FAQ
Hi all,

I am not a hardware guy but about to set up a 10 node cluster for some
processing of (mostly) tab files, generating various indexes and
researching HBase, Mahout, pig, hive etc.

Could someone please sanity check that these specs look sensible?
[I know 4 drives would be better but price is a factor (second hand
not an option, hosting is not either as there is very good bandwidth
provided)]

Something along the lines of:

Dell R200 (8GB is max memory)
Quad Core Intel® Xeon® X3360, 2.83GHz, 2x6MB Cache, 1333MHz FSB
8GB Memory, DDR2, 800MHz (4x2GB Dual Ranked DIMMs)
2x 500GB 7.200 rpm 3.5-inch SATA Hard Drive


Dell R300 (can be expanded to 24GB RAM)
Quad Core Intel® Xeon® X3363, 2.83GHz, 2x6M Cache, 1333MHz FS
8GB Memory, DDR2, 667MHz (2x4GB Dual Ranked DIMMs)
2x 500GB 7.200 rpm 3.5-inch SATA Hard Drive


If there is a major flaw please can you let me know.

Thanks,

Tim
(not a hardware guy ;o)

Search Discussions

  • Miles Osborne at Apr 2, 2009 at 2:16 pm
    make sure you also have a fast switch, since you will be transmitting
    data across your network and this will come to bite you otherwise

    (roughly, you need one core per hadoop-related job, each mapper, task
    tracker etc; the per-core memory may be too small if you are doing
    anything memory-intensive. we have 8-core boxes with 50 -- 33 GB RAM
    and 8 x 1 TB disks on each one; one box however just has 16 GB of RAM
    and it routinely falls over when we run jobs on it)

    Miles

    2009/4/2 tim robertson <timrobertson100@gmail.com>:
    Hi all,

    I am not a hardware guy but about to set up a 10 node cluster for some
    processing of (mostly) tab files, generating various indexes and
    researching HBase, Mahout, pig, hive etc.
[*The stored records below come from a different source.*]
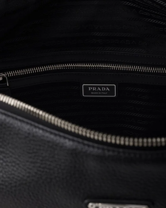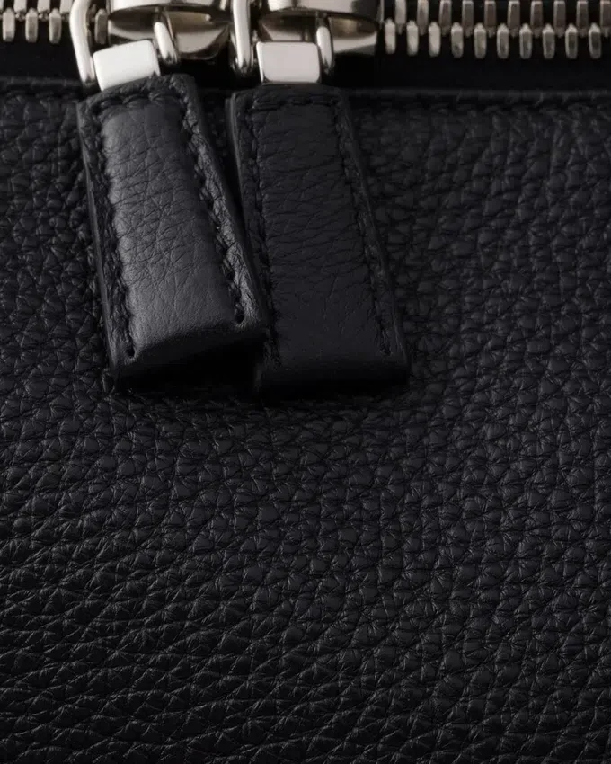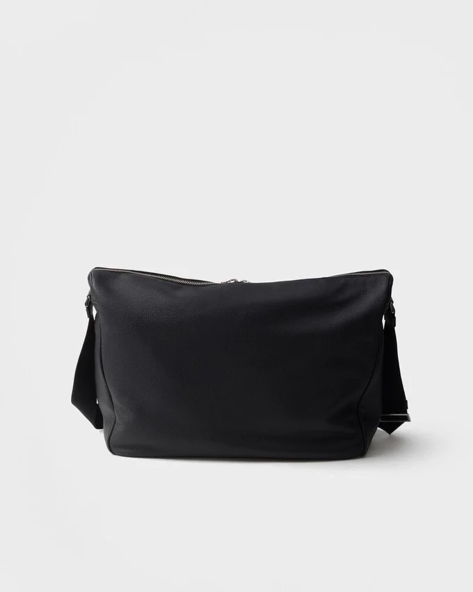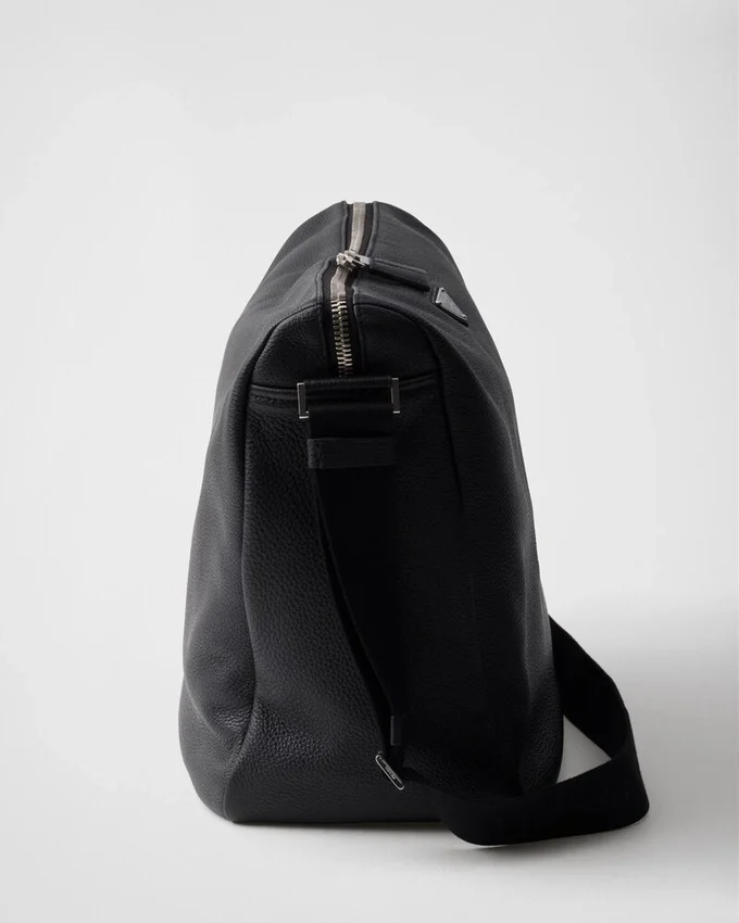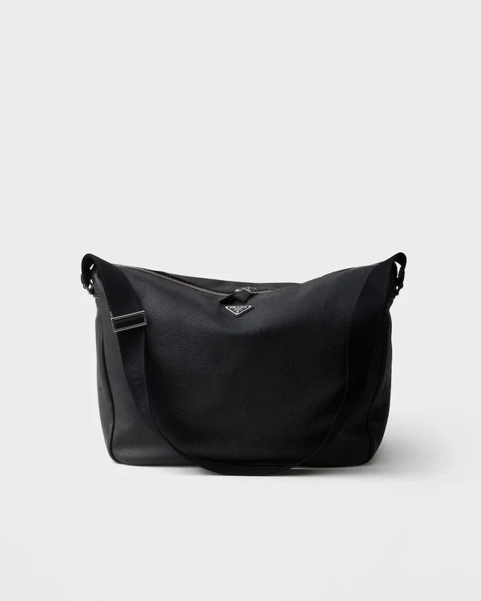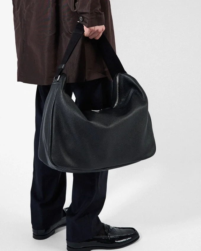 この現代的で実用的なレザーバッグは、柔らかなシルエットと洗練されたディテールが特徴です。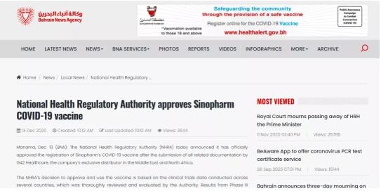 ▲巴林通讯社报道欧美av 中国生物新冠灭活疫苗在巴林注册上市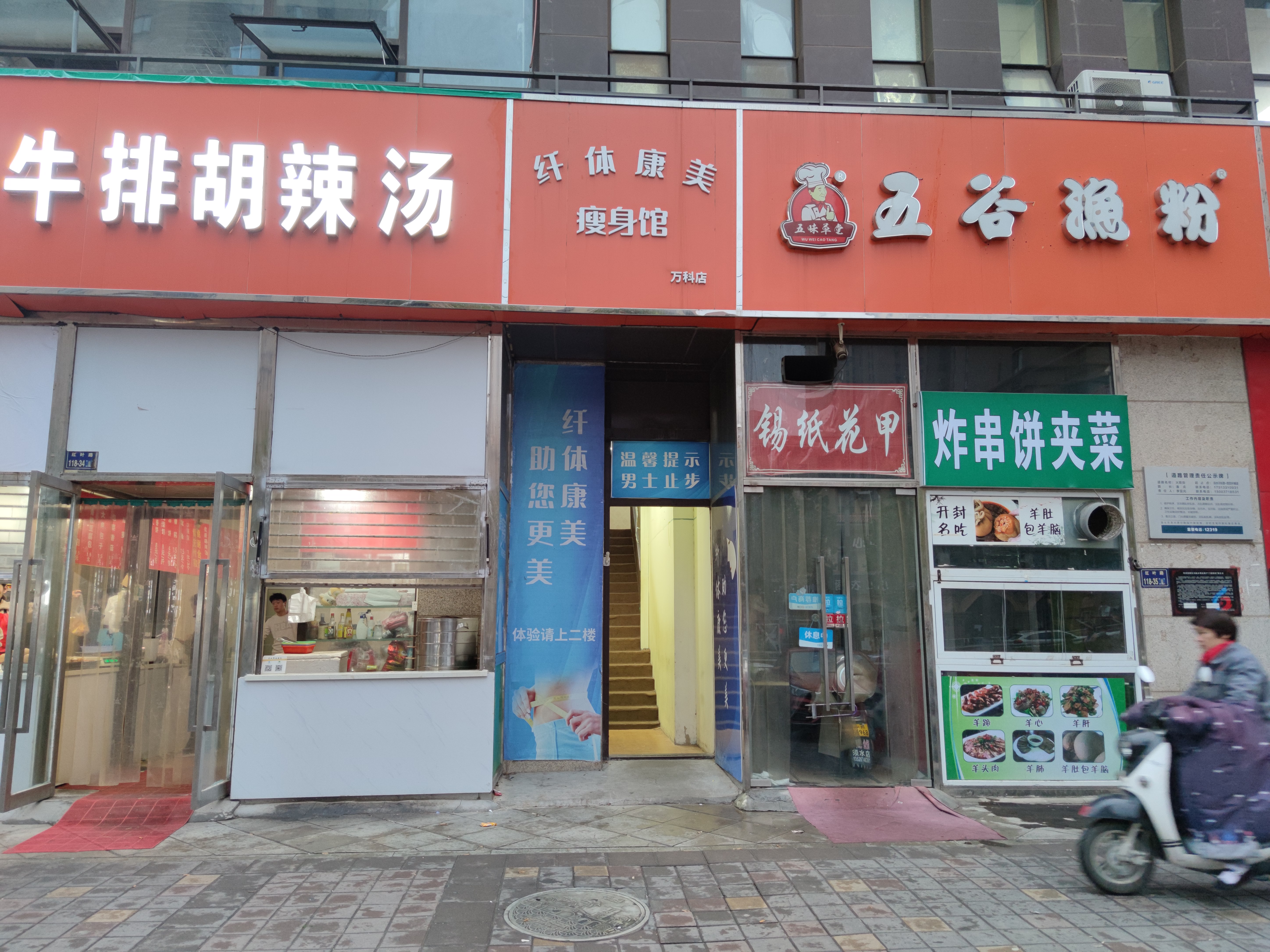 纤体康美瘦身馆位于郑州高新区万科城祥瑞苑一号楼外侧一层商铺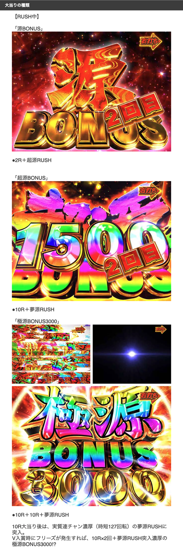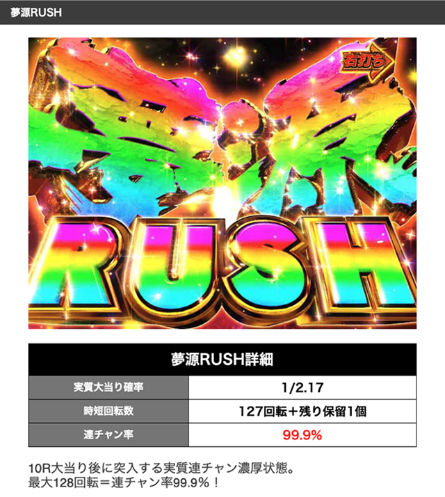 2つの連チャンゾーンがあり、最大4回転の超源RUSHと最大128回転の夢源RUSHをあわせたトータル継続率は約93%となっている。
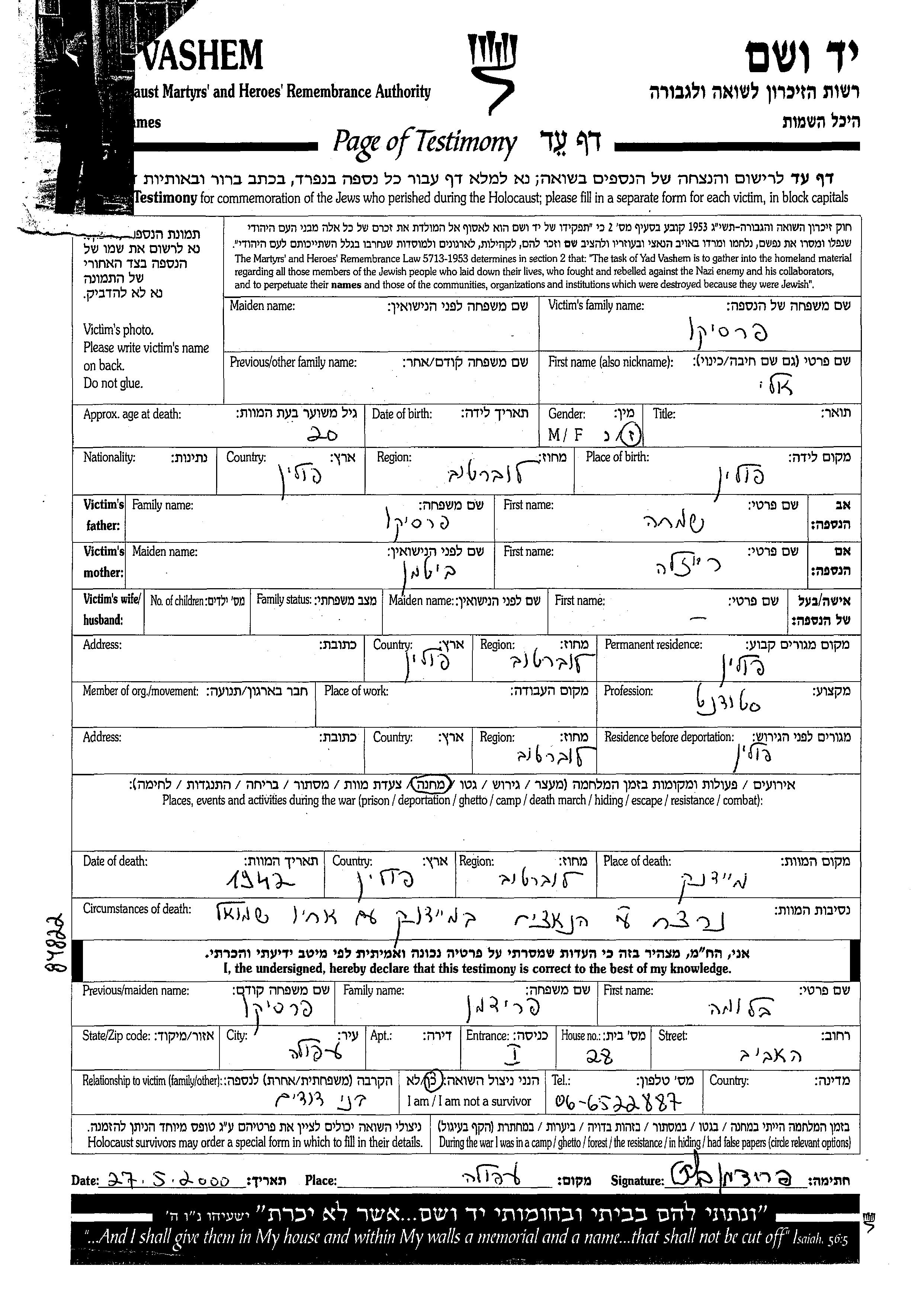 Eliasz wurde in der Schoah ermordet. Todesort: Majdanek, Polen im Jahr 1942.
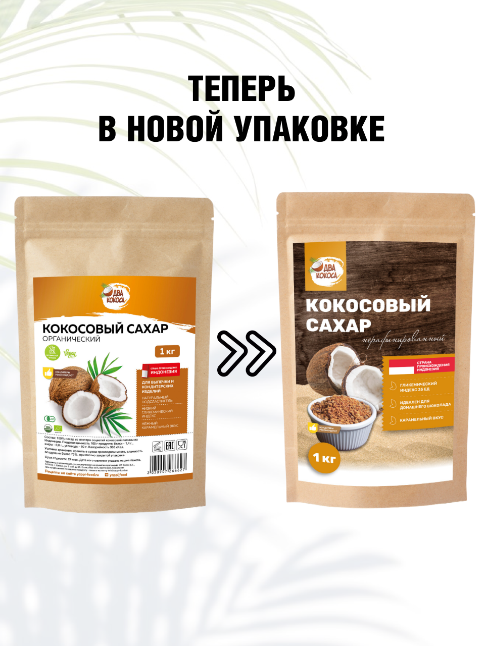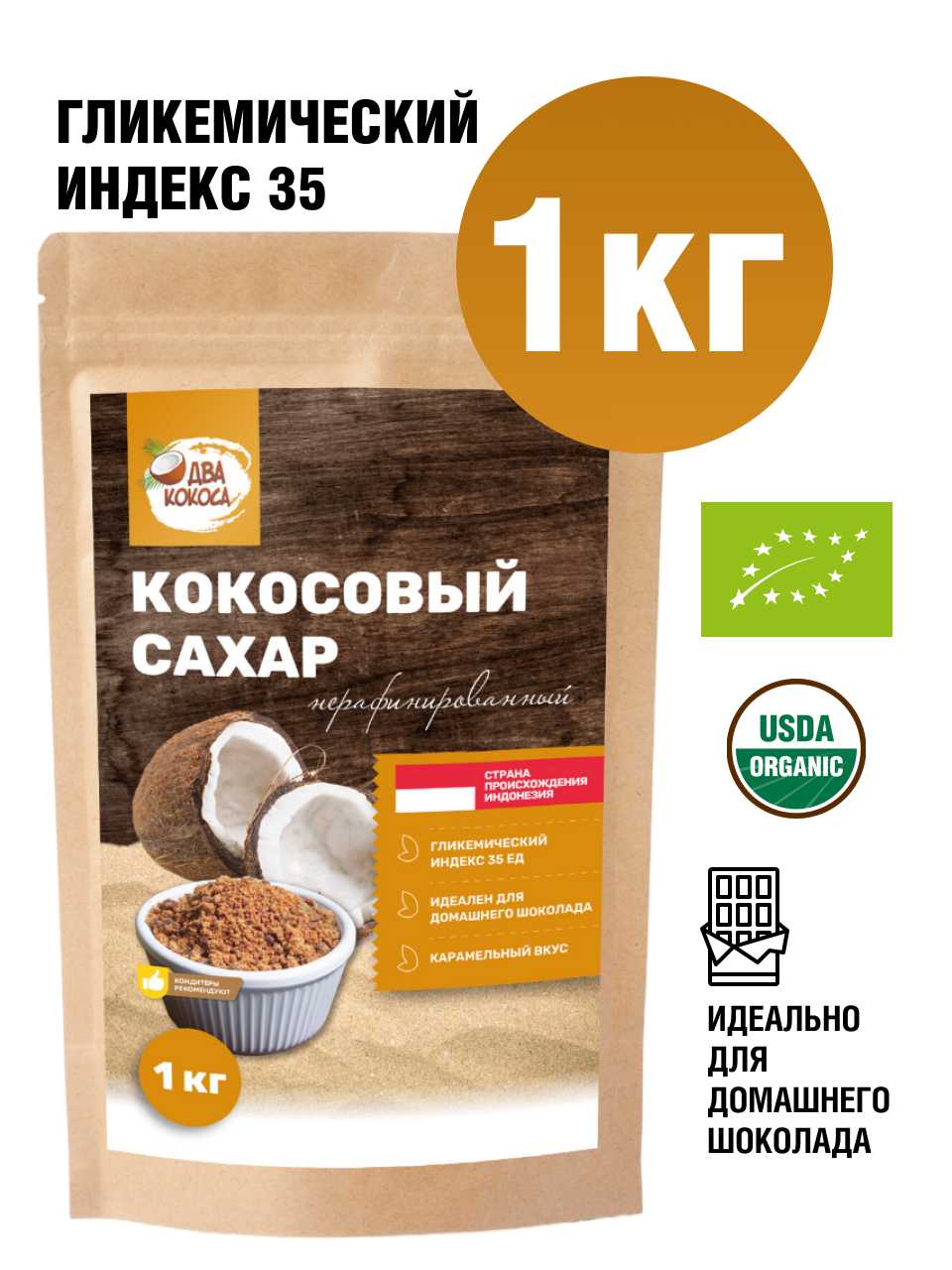 Кокосовый сахар "Два кокоса" нерафинированный, 1 кг интересное: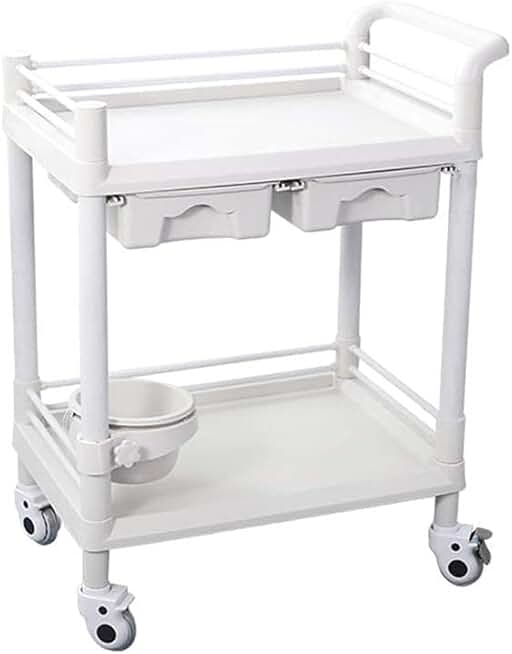INDYAH Movable Trolleys, Kitchen Storage Hand Trucks, Beauty Salon Trolley Abs Storage Cart,with Double Drawers,Multi Purpose Rolling Trolley for Dentistry/White/64X44X90Cm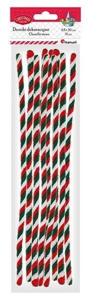 Druciki trójkolorowe. Kolory: czerwono-zielono-białe. Długość: 30 cm, szerokość: 0,8 cm. 10 sztuk. prečítať celé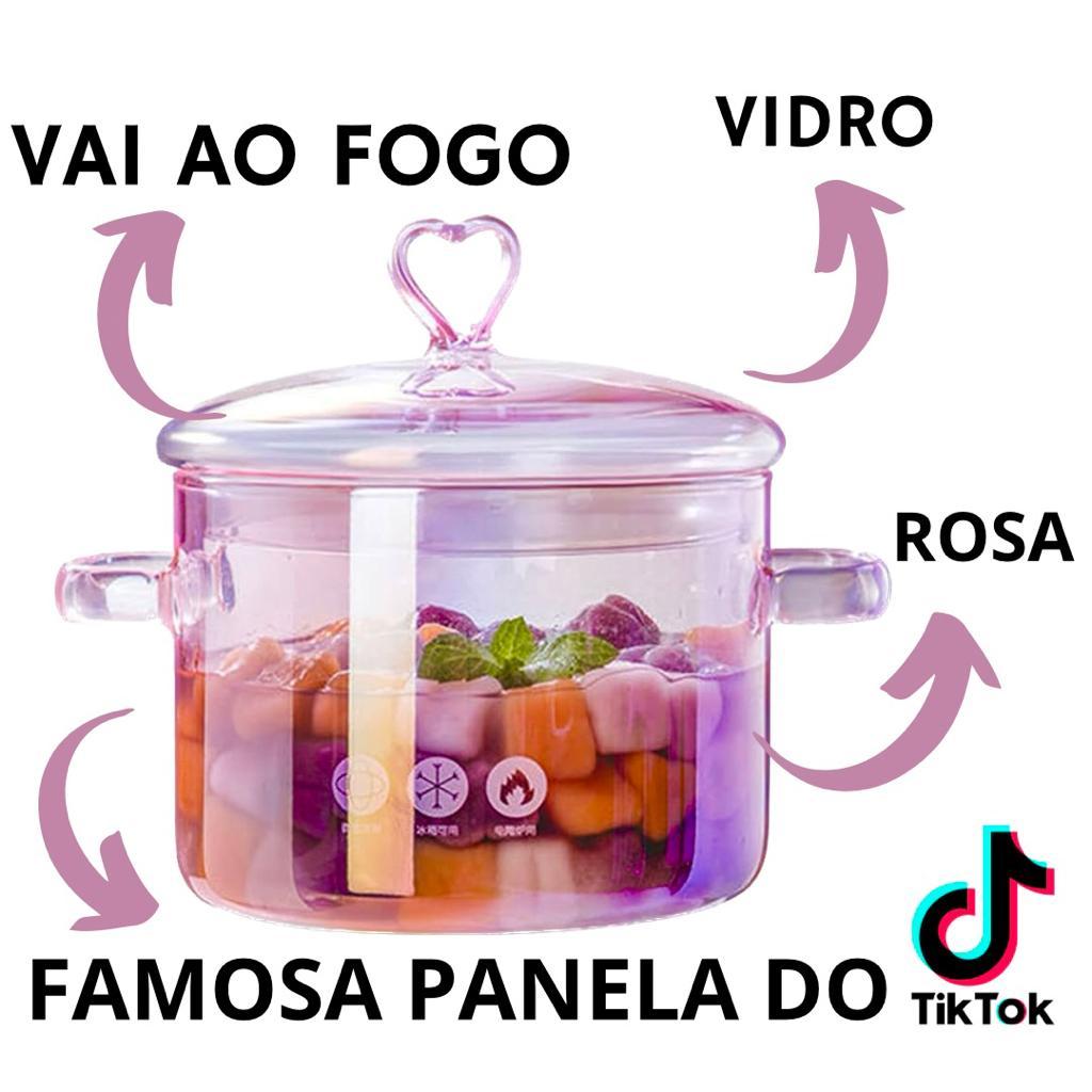 Panela de Vidro Rosa Vai Ao Fogo Tik Tok Caçarola Vidro Borossilicato Tampa De Coração Arroz Sopas Legumes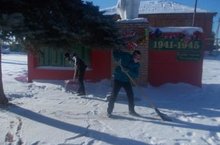 В рамках акции "Мы помним" учащиеся 7 класса убирали снег с территории обелиска Неизвестному солдату.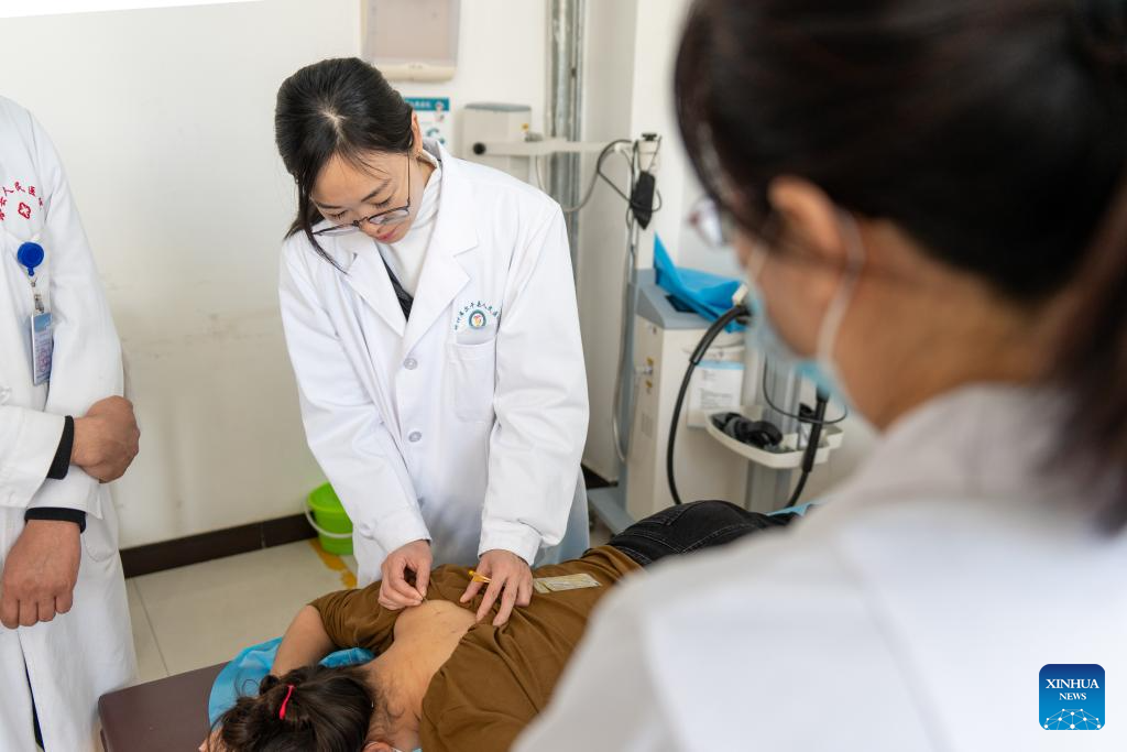 Duan Jing, a traditional Chinese medicine rehabilitation doctor from Shenzhen, demonstrates acupuncture treatment to local doctors at a hospital in Taxkorgan Tajik Autonomous County, northwest China's Xinjiang Uygur Autonomous Region, March 25, 2025. (Xinhua/Xu Hongyan)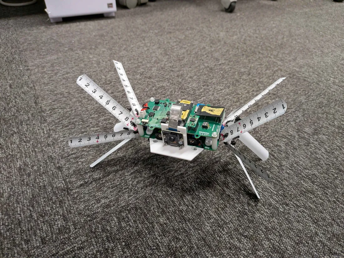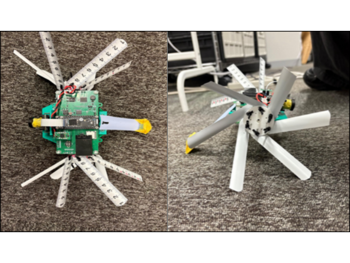 そこで、市販の巻尺(メジャー)を素材としたタイヤを採用しました。メジャーは押し込んで畳むことで小さく収納でき、ケースが展開されると自身の弾性で自動的に元の形状に戻ります。これにより、モーターなどの展開機構を必要とせず、大きな接地面積を確保できるため、悪路でも走破可能な設計を実現しています。

    Could someone please sanity check that these specs look sensible?
    [I know 4 drives would be better but price is a factor (second hand
    not an option, hosting is not either as there is very good bandwidth
    provided)]

    Something along the lines of:

    Dell R200 (8GB is max memory)
    Quad Core Intel® Xeon® X3360, 2.83GHz, 2x6MB Cache, 1333MHz FSB
    8GB Memory, DDR2, 800MHz (4x2GB Dual Ranked DIMMs)
    2x 500GB 7.200 rpm 3.5-inch SATA Hard Drive


    Dell R300 (can be expanded to 24GB RAM)
    Quad Core Intel® Xeon® X3363, 2.83GHz, 2x6M Cache, 1333MHz FS
    8GB Memory, DDR2, 667MHz (2x4GB Dual Ranked DIMMs)
    2x 500GB 7.200 rpm 3.5-inch SATA Hard Drive


    If there is a major flaw please can you let me know.

    Thanks,

    Tim
    (not a hardware guy ;o)


    --
    The University of Edinburgh is a charitable body, registered in
    Scotland, with registration number SC005336.
  • Tim robertson at Apr 2, 2009 at 3:33 pm
    Thanks Miles,

    Thus far most of my work has been on EC2 large instances and *mostly*
    my code is not memory intensive (I sometimes do joins against polygons
    and hold Geospatial indexes in memory, but am aware of keeping things
    within the -Xmx for this).
    I am mostly looking to move routine data processing and
    transformation (lots of distinct, count and group by operations) off a
    chunky mysql DB (200million rows and growing) which gets all locked
    up.

    We have gigabit switches.

    Cheers

    Tim


    On Thu, Apr 2, 2009 at 4:15 PM, Miles Osborne wrote:
    make sure you also have a fast switch, since you will be transmitting
    data across your network and this will come to bite you otherwise

    (roughly, you need one core per hadoop-related job, each mapper, task
    tracker etc;  the per-core memory may be too small if you are doing
    anything memory-intensive.  we have 8-core boxes with 50 -- 33 GB RAM
    and 8 x 1 TB disks on each one;  one box however just has 16 GB of RAM
    and it routinely falls over when we run jobs on it)

    Miles

    2009/4/2 tim robertson <timrobertson100@gmail.com>:
    Hi all,

    I am not a hardware guy but about to set up a 10 node cluster for some
    processing of (mostly) tab files, generating various indexes and
    researching HBase, Mahout, pig, hive etc.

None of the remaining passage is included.